Le ministre britannique de la Défense, Geoff Hoon, a présenté jeudi 11 décembre 2003 un ambitieux projet de restructuration des armées de Sa Majesté. Le Livre blanc qu’il a publié, intitulé Assurer la sécurité dans un monde changeant, redéfinit les missions et opte pour une réduction massive des personnels et une sophistication des armements.

En premier lieu, Geoff Hoon constate l’absence d’adversaire comparable à ce que fut l’Union soviétique pendant la Guerre froide. De ce point de vue, l’armée britannique est suréquipée de matériels lourds qui ne seront jamais utilisés, tels les inutiles chars Challenger 2 qui ne trouveront jamais d’homologues à combattre.
Deuxièmement, les forces du Royaume-Uni sont actuellement déployées sur cinq théâtres d’opération qui illustrent le type des missions actuelles : l’Irlande du Nord, les Balkans, la Sierra Leone, l’Afghanistan et l’Irak. Elles se sont donc spécialisées dans le « maintien de la paix » et la « lutte contre le terrorisme ». Et ici, ces expressions politiquement correctes ont un sens précis : stabiliser des régions face à des formes d’insurrection. En outre, ces Forces sont intervenues dans des opérations intérieures comme la gestion de la crise de la vache folle ou la suppléance des pompiers en grève.
Troisièmement, dans ces opérations, les forces de Sa Majesté ont montré une rapidité de déploiement tous azimuts. Elles ont bénéficié de l’appui logistique de treize territoires d’outre-mer, qui sont autant de territoires à défendre, comme on l’a vu aux Falkland (Îles Malouines).
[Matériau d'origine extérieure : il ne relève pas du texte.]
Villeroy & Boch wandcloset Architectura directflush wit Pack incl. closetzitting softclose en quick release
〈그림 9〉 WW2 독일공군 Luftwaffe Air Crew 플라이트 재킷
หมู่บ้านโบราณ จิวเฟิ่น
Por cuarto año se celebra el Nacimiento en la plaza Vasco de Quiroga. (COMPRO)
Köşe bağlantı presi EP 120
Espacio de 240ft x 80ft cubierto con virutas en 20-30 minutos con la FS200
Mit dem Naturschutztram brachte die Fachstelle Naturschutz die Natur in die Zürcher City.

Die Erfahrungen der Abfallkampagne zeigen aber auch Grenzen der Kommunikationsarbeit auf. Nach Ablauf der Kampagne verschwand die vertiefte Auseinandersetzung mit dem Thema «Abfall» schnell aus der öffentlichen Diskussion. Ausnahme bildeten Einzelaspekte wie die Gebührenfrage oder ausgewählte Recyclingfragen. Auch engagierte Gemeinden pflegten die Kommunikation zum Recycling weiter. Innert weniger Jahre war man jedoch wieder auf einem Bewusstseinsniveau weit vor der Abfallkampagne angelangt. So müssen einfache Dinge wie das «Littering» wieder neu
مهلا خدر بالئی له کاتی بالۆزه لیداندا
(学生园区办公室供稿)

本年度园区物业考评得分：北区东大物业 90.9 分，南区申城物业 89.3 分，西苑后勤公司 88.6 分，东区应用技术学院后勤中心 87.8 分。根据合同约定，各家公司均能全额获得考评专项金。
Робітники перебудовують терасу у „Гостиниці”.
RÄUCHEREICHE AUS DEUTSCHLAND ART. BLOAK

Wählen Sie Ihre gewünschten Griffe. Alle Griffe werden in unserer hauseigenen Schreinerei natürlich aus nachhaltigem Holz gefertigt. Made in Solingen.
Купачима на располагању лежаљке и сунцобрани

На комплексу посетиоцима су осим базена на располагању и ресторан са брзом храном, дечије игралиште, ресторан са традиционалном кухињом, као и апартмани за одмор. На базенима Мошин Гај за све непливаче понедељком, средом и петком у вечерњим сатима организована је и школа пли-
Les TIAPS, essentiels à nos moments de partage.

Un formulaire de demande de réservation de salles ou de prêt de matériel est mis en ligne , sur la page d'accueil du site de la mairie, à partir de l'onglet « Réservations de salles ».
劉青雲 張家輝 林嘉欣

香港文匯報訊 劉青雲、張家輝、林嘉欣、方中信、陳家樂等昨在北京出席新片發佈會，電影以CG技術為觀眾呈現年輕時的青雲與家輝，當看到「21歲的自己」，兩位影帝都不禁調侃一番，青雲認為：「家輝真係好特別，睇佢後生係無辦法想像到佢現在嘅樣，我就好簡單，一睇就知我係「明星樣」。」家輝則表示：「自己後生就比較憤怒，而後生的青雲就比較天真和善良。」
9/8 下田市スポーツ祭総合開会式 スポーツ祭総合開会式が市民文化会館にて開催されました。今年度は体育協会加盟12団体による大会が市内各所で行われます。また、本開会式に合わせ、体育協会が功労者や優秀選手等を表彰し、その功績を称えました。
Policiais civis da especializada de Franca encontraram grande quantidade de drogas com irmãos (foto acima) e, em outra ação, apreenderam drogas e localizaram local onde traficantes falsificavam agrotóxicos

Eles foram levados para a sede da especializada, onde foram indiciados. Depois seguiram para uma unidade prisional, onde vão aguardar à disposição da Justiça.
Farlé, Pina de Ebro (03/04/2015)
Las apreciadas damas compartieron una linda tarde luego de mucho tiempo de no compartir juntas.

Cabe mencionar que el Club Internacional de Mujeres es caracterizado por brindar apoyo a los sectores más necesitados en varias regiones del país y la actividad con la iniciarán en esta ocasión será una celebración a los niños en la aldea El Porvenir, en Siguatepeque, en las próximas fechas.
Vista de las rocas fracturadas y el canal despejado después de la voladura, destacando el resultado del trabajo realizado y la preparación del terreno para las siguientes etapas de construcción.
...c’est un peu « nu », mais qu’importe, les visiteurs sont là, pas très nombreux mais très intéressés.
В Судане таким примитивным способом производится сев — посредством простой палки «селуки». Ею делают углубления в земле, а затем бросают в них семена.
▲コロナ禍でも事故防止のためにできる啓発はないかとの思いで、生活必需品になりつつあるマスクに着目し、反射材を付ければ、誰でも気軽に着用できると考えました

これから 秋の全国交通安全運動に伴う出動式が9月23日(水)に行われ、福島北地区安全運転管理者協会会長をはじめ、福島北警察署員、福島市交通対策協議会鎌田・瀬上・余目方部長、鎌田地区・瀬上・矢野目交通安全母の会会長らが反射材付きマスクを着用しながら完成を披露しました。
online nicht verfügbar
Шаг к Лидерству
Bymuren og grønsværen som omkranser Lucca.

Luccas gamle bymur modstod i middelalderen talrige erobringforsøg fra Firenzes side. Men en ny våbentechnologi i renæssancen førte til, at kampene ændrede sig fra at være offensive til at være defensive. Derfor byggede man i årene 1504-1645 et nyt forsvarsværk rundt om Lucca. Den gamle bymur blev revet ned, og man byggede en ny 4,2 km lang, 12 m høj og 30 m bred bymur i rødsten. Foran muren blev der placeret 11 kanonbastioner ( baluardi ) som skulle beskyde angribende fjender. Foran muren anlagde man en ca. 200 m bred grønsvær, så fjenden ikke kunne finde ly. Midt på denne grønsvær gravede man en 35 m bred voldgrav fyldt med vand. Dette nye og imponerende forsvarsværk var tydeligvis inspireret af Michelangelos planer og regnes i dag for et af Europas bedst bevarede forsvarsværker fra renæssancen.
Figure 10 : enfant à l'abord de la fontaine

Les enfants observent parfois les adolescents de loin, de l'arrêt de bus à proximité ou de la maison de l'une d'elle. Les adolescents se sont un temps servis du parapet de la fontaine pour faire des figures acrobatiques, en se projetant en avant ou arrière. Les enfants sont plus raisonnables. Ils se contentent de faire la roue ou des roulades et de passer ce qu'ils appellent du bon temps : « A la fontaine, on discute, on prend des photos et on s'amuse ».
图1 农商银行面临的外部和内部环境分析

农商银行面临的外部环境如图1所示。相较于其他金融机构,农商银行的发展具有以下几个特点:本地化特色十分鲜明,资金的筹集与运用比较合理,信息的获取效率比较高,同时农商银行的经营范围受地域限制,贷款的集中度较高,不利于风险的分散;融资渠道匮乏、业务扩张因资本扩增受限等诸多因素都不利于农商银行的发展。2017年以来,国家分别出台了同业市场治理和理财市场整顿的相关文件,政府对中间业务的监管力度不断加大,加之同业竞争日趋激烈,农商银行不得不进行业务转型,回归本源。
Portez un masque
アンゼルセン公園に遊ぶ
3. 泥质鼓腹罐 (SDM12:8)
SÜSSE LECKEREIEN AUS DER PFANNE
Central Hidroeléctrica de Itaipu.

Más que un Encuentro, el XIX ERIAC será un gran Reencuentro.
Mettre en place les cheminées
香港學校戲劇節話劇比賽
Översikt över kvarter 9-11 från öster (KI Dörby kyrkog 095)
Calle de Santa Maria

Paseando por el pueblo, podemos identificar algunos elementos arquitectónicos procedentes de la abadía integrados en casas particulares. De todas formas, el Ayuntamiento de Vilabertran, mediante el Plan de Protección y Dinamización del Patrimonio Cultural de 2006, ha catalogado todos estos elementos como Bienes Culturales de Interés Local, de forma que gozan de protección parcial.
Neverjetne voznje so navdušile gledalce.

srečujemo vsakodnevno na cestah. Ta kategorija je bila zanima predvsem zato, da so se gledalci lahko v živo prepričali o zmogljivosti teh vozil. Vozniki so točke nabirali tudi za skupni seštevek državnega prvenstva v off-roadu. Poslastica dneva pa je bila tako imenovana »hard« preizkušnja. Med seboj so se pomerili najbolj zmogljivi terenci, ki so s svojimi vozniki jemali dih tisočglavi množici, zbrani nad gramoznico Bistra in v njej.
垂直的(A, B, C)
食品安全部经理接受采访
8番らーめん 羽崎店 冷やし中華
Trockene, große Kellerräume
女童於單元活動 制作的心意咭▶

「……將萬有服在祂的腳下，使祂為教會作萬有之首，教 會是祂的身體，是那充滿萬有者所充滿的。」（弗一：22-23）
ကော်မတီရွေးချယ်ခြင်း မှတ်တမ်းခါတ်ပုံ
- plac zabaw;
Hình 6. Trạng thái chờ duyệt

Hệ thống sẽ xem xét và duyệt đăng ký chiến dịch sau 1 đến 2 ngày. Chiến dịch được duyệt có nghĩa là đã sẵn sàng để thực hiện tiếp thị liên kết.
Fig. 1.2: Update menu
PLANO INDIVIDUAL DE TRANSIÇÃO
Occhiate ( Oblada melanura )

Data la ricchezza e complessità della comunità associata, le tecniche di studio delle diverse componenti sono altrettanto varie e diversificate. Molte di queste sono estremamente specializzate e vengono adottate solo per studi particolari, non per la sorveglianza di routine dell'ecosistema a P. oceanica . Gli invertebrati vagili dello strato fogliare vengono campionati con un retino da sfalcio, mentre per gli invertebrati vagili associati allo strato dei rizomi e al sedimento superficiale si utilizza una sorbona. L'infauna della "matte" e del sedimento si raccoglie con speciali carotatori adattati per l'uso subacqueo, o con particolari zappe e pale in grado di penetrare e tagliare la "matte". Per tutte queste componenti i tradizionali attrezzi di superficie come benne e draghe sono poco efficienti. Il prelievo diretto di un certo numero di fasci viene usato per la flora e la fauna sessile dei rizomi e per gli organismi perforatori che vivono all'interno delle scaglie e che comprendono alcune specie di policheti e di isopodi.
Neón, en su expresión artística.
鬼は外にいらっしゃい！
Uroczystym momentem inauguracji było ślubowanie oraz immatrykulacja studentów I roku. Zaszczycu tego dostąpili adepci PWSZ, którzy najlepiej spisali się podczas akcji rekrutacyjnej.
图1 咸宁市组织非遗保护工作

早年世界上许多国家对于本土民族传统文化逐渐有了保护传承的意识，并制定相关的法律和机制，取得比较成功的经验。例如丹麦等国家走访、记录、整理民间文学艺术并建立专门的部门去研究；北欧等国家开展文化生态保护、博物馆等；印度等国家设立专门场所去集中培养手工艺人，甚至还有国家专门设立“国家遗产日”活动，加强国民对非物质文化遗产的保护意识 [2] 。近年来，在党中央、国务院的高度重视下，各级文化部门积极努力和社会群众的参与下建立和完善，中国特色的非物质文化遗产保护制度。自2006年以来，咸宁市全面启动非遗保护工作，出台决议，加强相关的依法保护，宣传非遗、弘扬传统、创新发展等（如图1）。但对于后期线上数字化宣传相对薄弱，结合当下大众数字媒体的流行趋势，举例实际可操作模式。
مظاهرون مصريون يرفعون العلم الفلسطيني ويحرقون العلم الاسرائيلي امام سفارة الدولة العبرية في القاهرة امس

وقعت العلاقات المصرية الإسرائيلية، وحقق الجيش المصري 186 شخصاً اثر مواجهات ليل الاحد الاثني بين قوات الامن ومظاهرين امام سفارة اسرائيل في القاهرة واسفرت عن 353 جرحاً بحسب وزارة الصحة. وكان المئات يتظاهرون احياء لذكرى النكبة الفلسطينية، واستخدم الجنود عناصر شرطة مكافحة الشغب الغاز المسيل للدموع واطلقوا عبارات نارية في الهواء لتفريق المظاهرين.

De tout cela il ressort, selon Geoff Hoon, que le Royaume-Uni peut ambitionner de jouer un rôle central dans la « guerre mondiale au terrorisme » conduite par les États-Unis. Le Livre blanc reprend mot à mot la rhétorique de Washington : « prévenir, contraindre, interrompre ou détruire les terroristes internationaux ou les régimes qui les abritent et contrer les efforts des terroristes pour acquérir des armes chimiques, biologiques, radiologiques et nucléaires ». Il désigne Al Qaïda comme une organisation disposant actuellement d’un réseau secret et qui menace directement le Royaume-Uni et ses citoyens. Comme preuve de ses imputations, le ministre cite les arrestations de terroristes cette année en France qui auraient permis d’établir que ce réseau tente d’utiliser des armes chimiques, biologiques et radiologiques. Malheureusement, le très honorable Geoff Hoon n’indique pas d’où il tient de telles informations qui ont échappé à la justice française (lire à ce sujet note article de l’Observatoire de la propagande : « La France a démantelé, sans le savoir, une cellule d’Al Qaïda »).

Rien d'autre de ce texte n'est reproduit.